The UploadAssetAsync method uploads the passed file to the previous specified Azure Blob Storage and returns the URI of the new blob:

using System;
using System.Collections.Generic;
using System.Linq;
using System.Threading.Tasks;
using Microsoft.AspNetCore.Http;
using Microsoft.AspNetCore.Mvc;
using Microsoft.Extensions.Configuration;
using Microsoft.WindowsAzure.Storage;

namespace file_upload.Controllers
{
    [Route("api/[controller]")]
    public class AssetController : Controller
    {
        private readonly IConfiguration _configuration;
        public AssetController(IConfiguration config)
        {
            _configuration = config;
        }

        [HttpPost]
        public async Task UploadAssetAsync([FromForm]IFormFile asset)
        {
            CloudStorageAccount storageAccount = null;
            if (CloudStorageAccount.TryParse(_configuration.GetConnectionString("StorageAccount"), out storageAccount))
            {
                var client = storageAccount.CreateCloudBlobClient();
                var container = client.GetContainerReference("fileupload");
                await container.CreateIfNotExistsAsync();

                var blob = await container.GetBlobReferenceFromServerAsync(asset.FileName);
                await blob.UploadFromStreamAsync(asset.OpenReadStream());

                return Ok(blob.Uri);
            }

            return StatusCode(StatusCodes.Status500InternalServerError);
        }
    }
}

Disable HttpsRedirection in Development

Before we can run the application we should disable the Https redirection for the development environment (note: you can also install a localhost certificate). Otherwise we will get a warning that the site is not secure. This can be done by replacing the following line in the Configure method within the Startup.cs

app.UseHttpsRedirection();

with:

if (!env.IsDevelopment())
{
   app.UseHttpsRedirection();
}

Implement the frontend

We will implement the file upload in a new component. To create the new component we use the Angular CLI:

ng g component fileUpload

Note: Ensure you invoke the CLI commands within the ClientApp directory.

Configure Routing

Now we add routing to our new component within the app.module.ts:

{ path: 'file-upload', component: FileUploadComponent },

Then we add a link to the component inside the nav-menu.component.html:

<li>
    <a>
        <span class='glyphicon glyphicon-cloud-upload'></span> File Upload
    </a>
</li>

Install PrimeNG

We use the PrimeNG NPM package to implement the file upload:

npm install primeng --save 

Add the file upload

The last thing we have to do is to add the file upload to the file-upload.component.html. The name attribute value must match with the IFormFile parameter name in the middleware (in our case “asset“). The url is /api/Asset which is the address of the UploadAssetAsync middleware web method:

 
<p-fileUpload #fubauto mode="basic" name="asset" url="/api/Asset" maxFileSize="1000000" auto="true"
        chooseLabel="Browse"></p-fileUpload>

That is it. We don’t need to implement any further upload mechanism. To start the application we can use the dotnet CLI:

dotnet run

The source code can be found in my GitHub repository.

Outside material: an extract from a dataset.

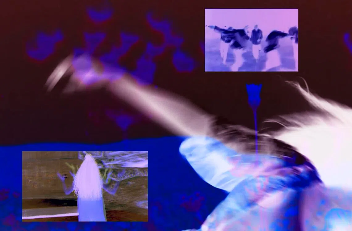 One of Barakat’s standout works is a piece by Palestinian-descent artists Basel Abbas and Ruanne Abou-Rahme, who splice sights and sounds from conflict regions into “desktop performances” – multi-screen collages assembled live on a computer interface.

Angular 6 application hosted on Azure Storage Static website

A few days ago Microsoft announced a new public preview feature for Azure Storage called Static website. It enables you to host a static web app using Azure Storage which is multiple times cheaper then a traditional required Web App. Reason enough to give it a try.

Create a Storage account

To use the Static website feature we need a general purpose V2 Storage Account. You can either manually create the resource within the Azure Portal or by using the following ARM Template:

Enable Static website feature

Unfortunately we can’t enable the Static website feature using an ARM Template (thanks to Gaurav Mantri) because it is not part of the Storage Resource Provider API. So we have to manually enable it after we’ve provisioned the Storage Account.

We can do that within our previous created Storage Account: Select Static website (preview) to configure a container for static website hosting:

enablestaticwebsite

Since our example applicaton will have an index.html,  we can leave the index document name field as it is.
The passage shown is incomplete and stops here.